International rating agency Moody's on Monday maintained its negative outlook on the country's banking sector, citing worries over asset quality and overall economic growth prospects.
"The negative outlook reflects our views that economic growth will be weak, banks' asset quality will deteriorate, and profitability will decline because banks need to increase loan loss reserves and will not be able to fully pass on rising funding costs or offset these through loan growth," Moody's Investors Service said in a note.
Moody's, which cut its FY14 growth estimate to 4.5 per cent recently, said economic growth will be lowest in a decade.
The agency has maintained a negative outlook on the Indian banking sector since November 2011.
It said the negative outlook pertains ‘mainly to the public-sector banks,’ which account for over 70 per cent of the system and experience higher stress in asset quality on non-performing assets and restructured assets.

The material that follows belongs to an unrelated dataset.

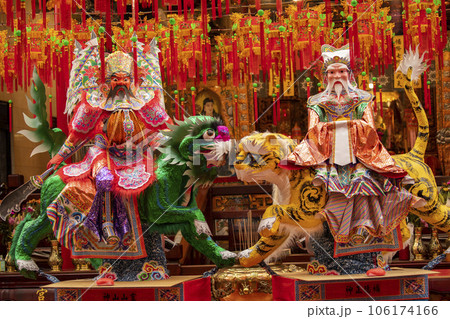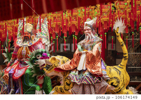 節慶現場的場景,屋內有佛像、香燈和供品。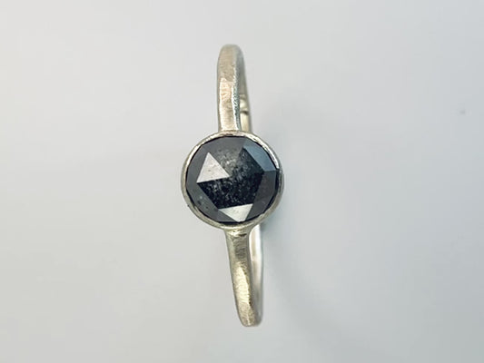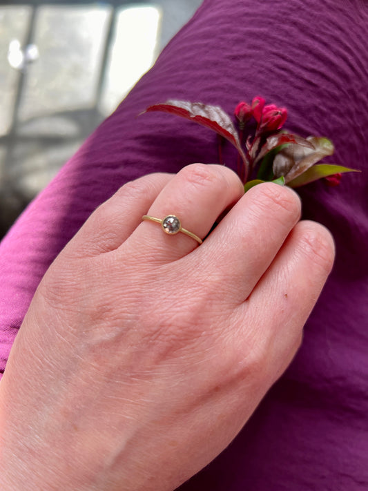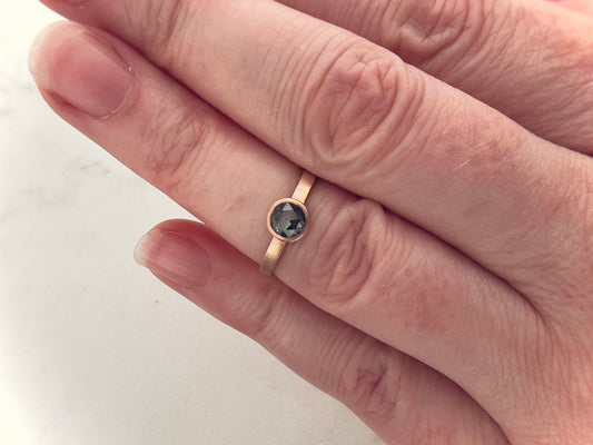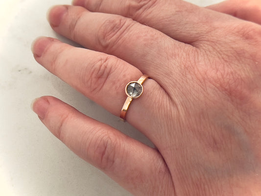 Salt and Pepper Diamond Solitaire Engagement Ring, Round 0.66ct micro-faceted Rose Cut diamond with a low bezel and delicate band in matte 14k yellow gold, size 7.25

"While structural issues related to the infrastructure sector are not new, the recent downturn in economic growth has exacerbated these problems and increased their negative effects on asset quality," said Gene Fang, a vice-president and senior analyst at the company.
Moody's noted that the picture in the private sector is the opposite, with lenders having stronger margins, reserves and capital levels.
State-run lenders will have to depend on injections from the government to maintain capitalisation levels, it added.
"Non-performing loans and restructured loans will rise in particular at public-sector banks that lend heavily to infrastructure projects," it said.
Moody's noted that recent moves such as Coal India's announcement to increase output and lifting the ban on iron ore mining are positives.